Rocky Mountain Section - 75th Annual Meeting - 2025

Paper No. 9-8
Presentation Time: 8:00 AM-5:30 PM

TAYLOR PARK ROCK GLACIERS, EXPLORING GEOSPATIAL CONTROLS ON DISTRIBUTION AND HEADWALL INFLUENCE


WASICKO, Zane1, MARCHETTI, David1, ANDERSON, Leif2, ELLWEIN, Amy L.1 and COOP, Jonathan1, (1)Natural and Environmental Sciences Department, Western Colorado University, 600 N. Adams St, Gunnison, CO 81231, (2)Department of Geology and Geophysics, University of Utah, Salt Lake City, UT 84112

Taylor Park (Colorado) is located between the Elk and Sawatch Mountain ranges. It is a tectonically constrained basin consisting predominantly of Precambrian metamorphics and intrusives with smaller areas of Paleozoic sediments and Oligocene intrusives. Taylor Park is the upper drainage basin for the Taylor River, a tributary of the Colorado River. In the upper elevation areas of Taylor Park, precipitation is predominantly in the form of snowfall, with average precipitation values of 75-100 cm per year and MAAT of roughly 0 C. Previous studies on Taylor Park’s periglacial features have focused on mapping the extent of rock glaciers to make palaeoclimatic inferences as well as estimating select rock glacier ages using lichenometry.

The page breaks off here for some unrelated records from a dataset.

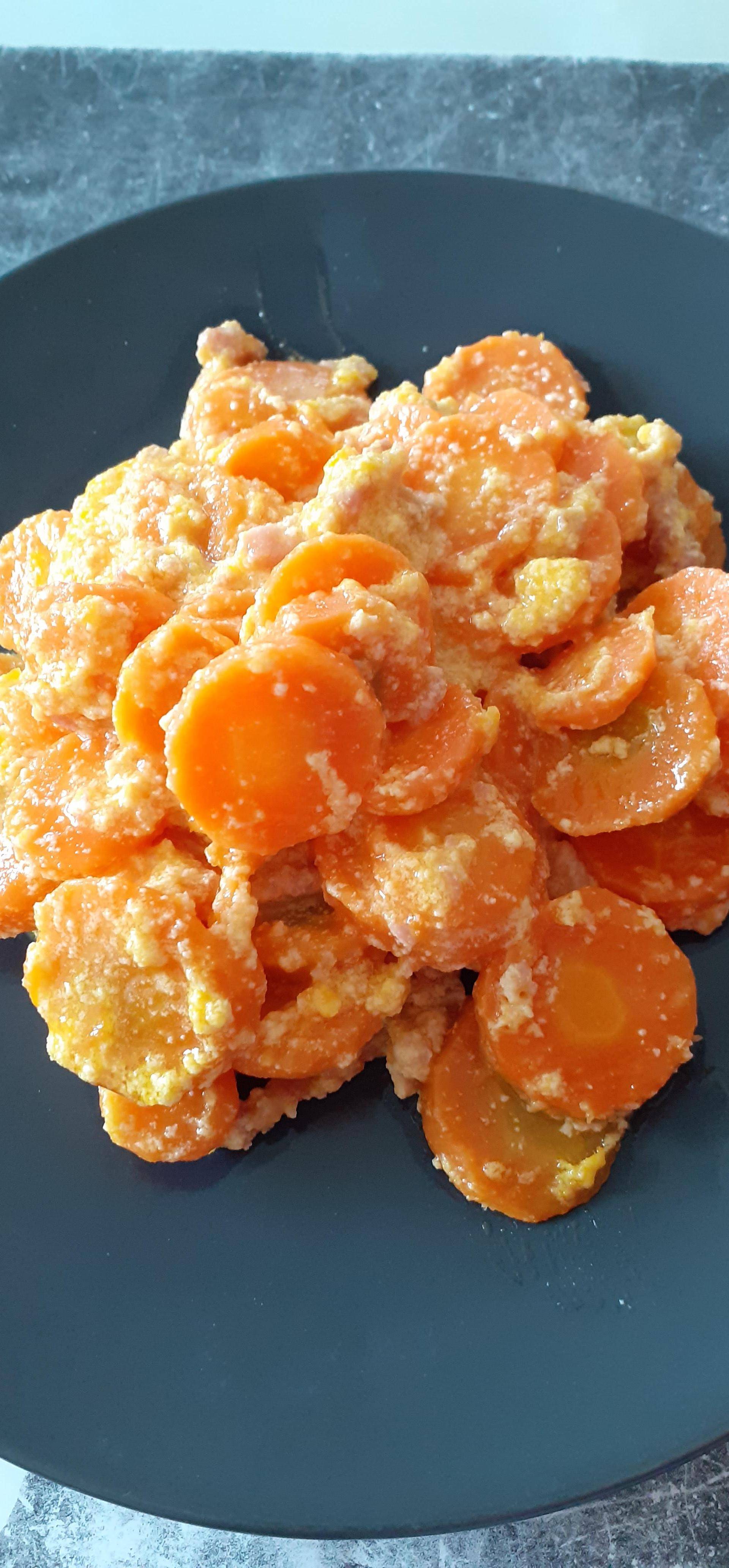 Dans la cuve muni du mélangeur mettre les carottes couper en rondelles ainsi que les lardons et l'huile d'olive
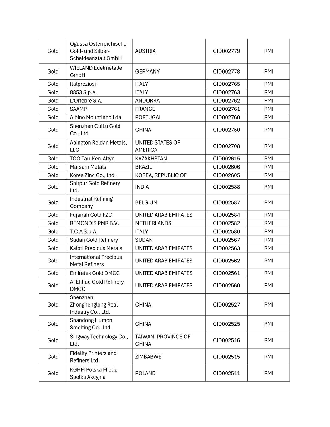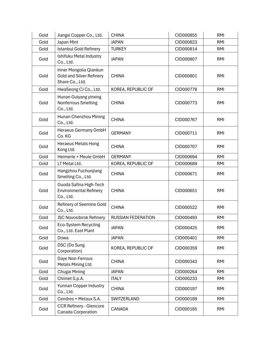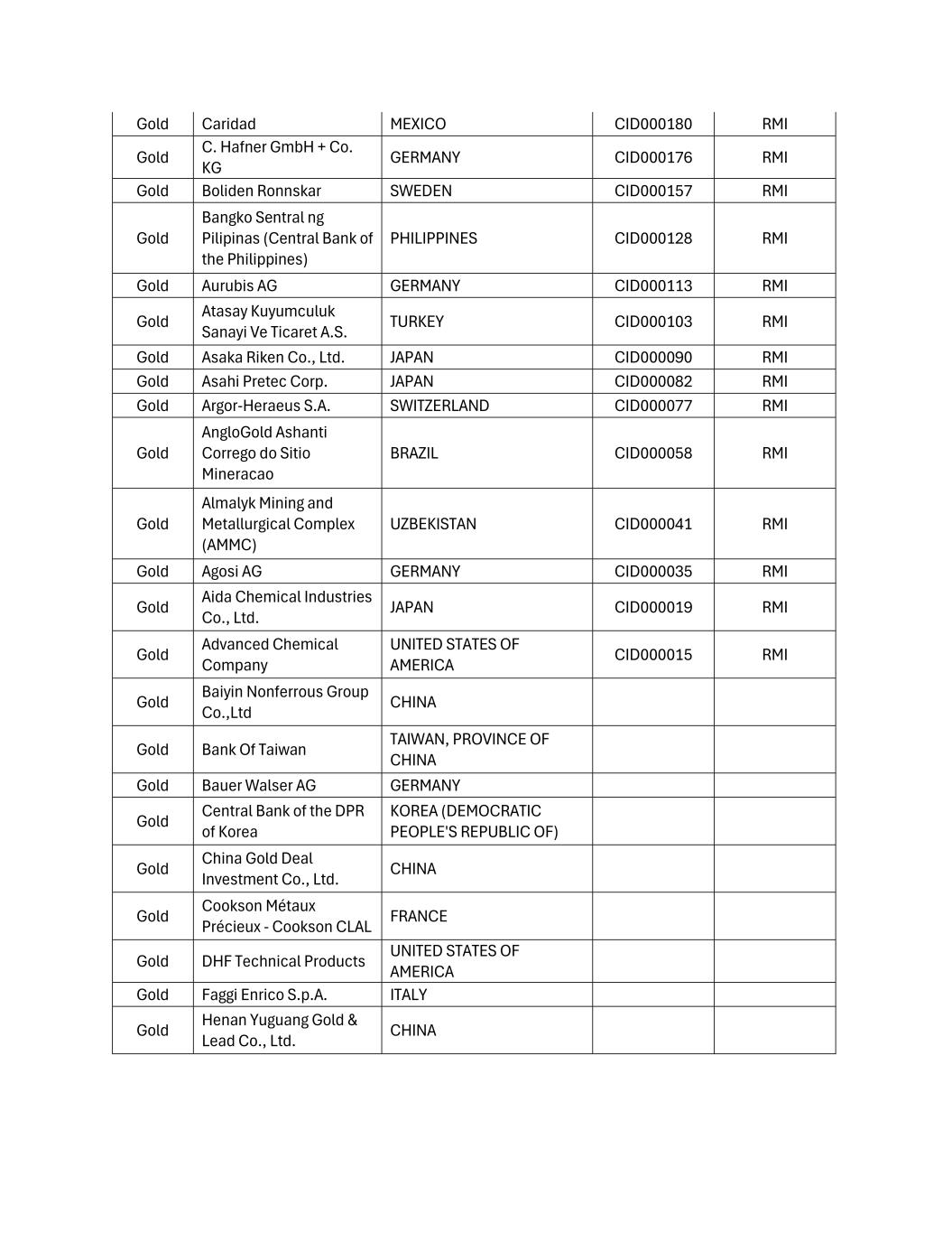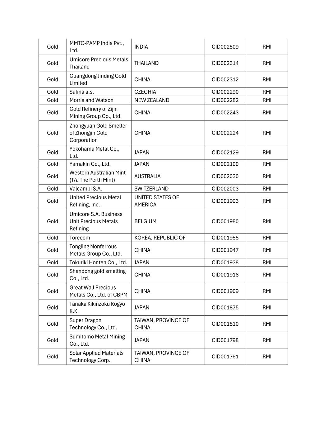 Gold MMTC-PAMP India Pvt.,Ltd.印度CID002509 RMI Gold Umicore Precious Metals泰国Thailand CID002314 RMI Gold Guangdong Jinding Gold Limited中国CID002312 RMI Gold Safina a.s. CZECHIA CID002290 RMITERM3 Gold Morris and Watson New Zealand CID002282 RMI ]紫金矿业集团有限公司黄金精炼厂中国CID002243 RMI丨中金黄金总公司中原黄金冶炼厂中国CID002224 RMI丨金横滨金属有限公司日本CID002129 RMI丨金YamakinInc.美国CID001993 RMI Gold Umicore S.A.业务部门贵金属精炼比利时CID001980 丨RMI丨金TORECOM韩国,CID001955共和国铜陵有色金属集团有限公司中国CID001947 RMI丨金Tokuriki Honten Co.,Ltd.日本CID001938丨RMI RMI丨金山东黄金冶炼有限公司中国CID001916 RMI丨金长城贵金属有限公司of CBPM中国CID001909丨RMI RMI丨金Tanaka Kikinzoku Kogyo K。Ltd. Japan CID001798 RMI Gold Solar 应用材料 Technology Corp. Taiwan,Province of China CID001761 RMI
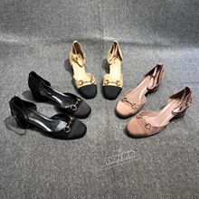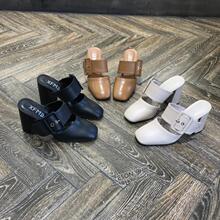 2017夏新品欧货欧洲站真皮女鞋粗跟方头搭扣时尚高跟鞋凉拖鞋单鞋
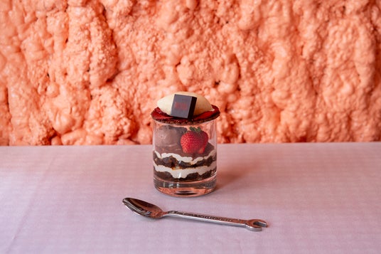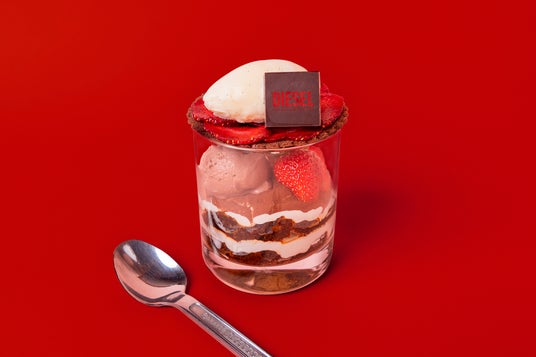 今回のコラボレーションメニューでは、当店のシグネチャーデザート「ティラミス」をベースにしたパフェに旬のいちごやアイスクリームを盛り付け、DIESELのロゴが施されたDARCISのダークチョコレートコーティングの伝統的なヘーゼルナッツプラリネ「プラリネランシェンヌ」を添えました。
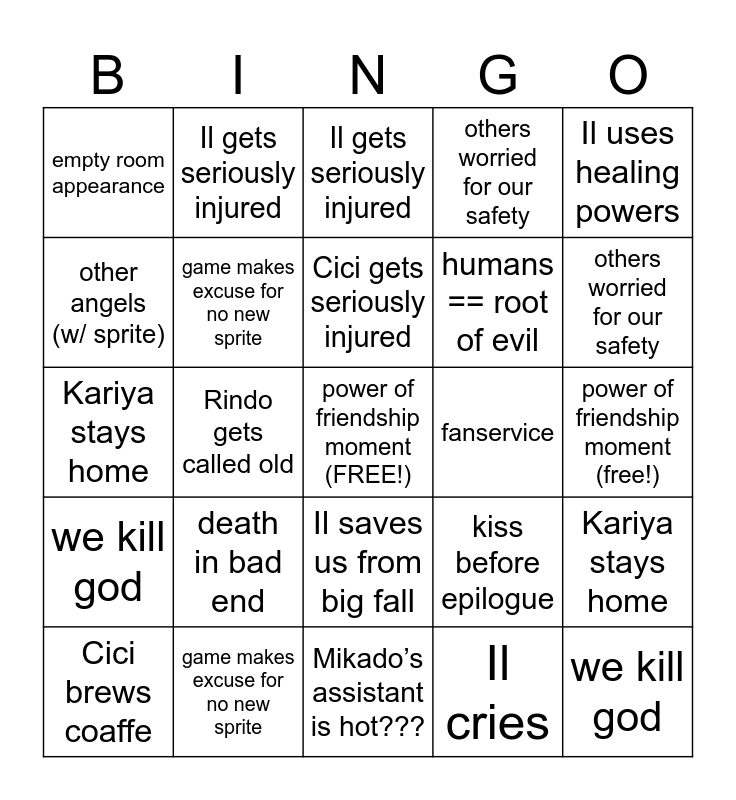 This bingo card has a free space and 49 words: Mysir: “I’m just a destroyer”, we kill god, Otomate game reference, Mikado’s assistant is hot???, death in bad end, Il saves us from big fall, Il gets seriously injured, Il has a different form, other angels (w/ sprite), forceful isekai into Il’s world, game makes excuse for no new sprite, others worried for our safety, Kariya stays home, kiss before epilogue, Ignis telling Il to go outside, Cici brews coaffe, Cici gets seriously injured, fanservice, uninvited guest / intruder, Il uses healing powers, Rindo gets called old, Il cries, empty room appearance, humans == root of evil, Otomate game reference, others worried for our safety, Cici brews coaffe, kiss before epilogue, Il saves us from big fall, we kill god, Il cries, other angels (w/ sprite), Cici gets seriously injured, Rindo gets called old, game makes excuse for no new sprite, uninvited guest / intruder, humans == root of evil, Il uses healing powers, power of friendship moment (free!), fanservice, Mysir: “I’m just a destroyer”, death in bad end, forceful isekai into Il’s world, Il has a different form, Kariya stays home, Il gets seriously injured, Mikado’s assistant is hot???, empty room appearance and Ignis telling Il to go outside.

Here, remote sensing and field mapping were used to create a detailed inventory of Taylor Park's periglacial features with a focus on rock glaciers. 178 rock glaciers were identified, 142 of which were verified and characterized by field surveying. 68 rock glaciers were classified as active, 49 as intact, and 61 as extinct. This database represents one of the largest and most detailed rock glacier inventories in the US. Using this database and recently available 1m DEMs, we explored geospatial controls of rock glacier activity status and distribution using ArcGIS Pro and R. Focus was placed on understanding headwall influence and the relationship between headwall steepness and rock glacier activity by investigating metrics such as slope, insolation, aspect, and elevation to gain insight on ablation rates, snow supply, and rock supply. A strong positive correlation was found between the mean elevation of the rock glacier body/headwall and activity status. A moderately positive correlation was found between the amount of steep area in a rock glacier headwall and its activity status. Aspect and insolation (calculated over the 2024 calendar year) did not correlate with activity status. These findings indicate that rock glacier activity status is more closely controlled by environmental factors that contribute to mass addition (rock and snow supply) versus factors that contribute to mass loss (melt rate and shading) within Taylor Park Colorado. While this finding is geographically constrained, it signifies a new way of understanding rock glacier spatial distribution.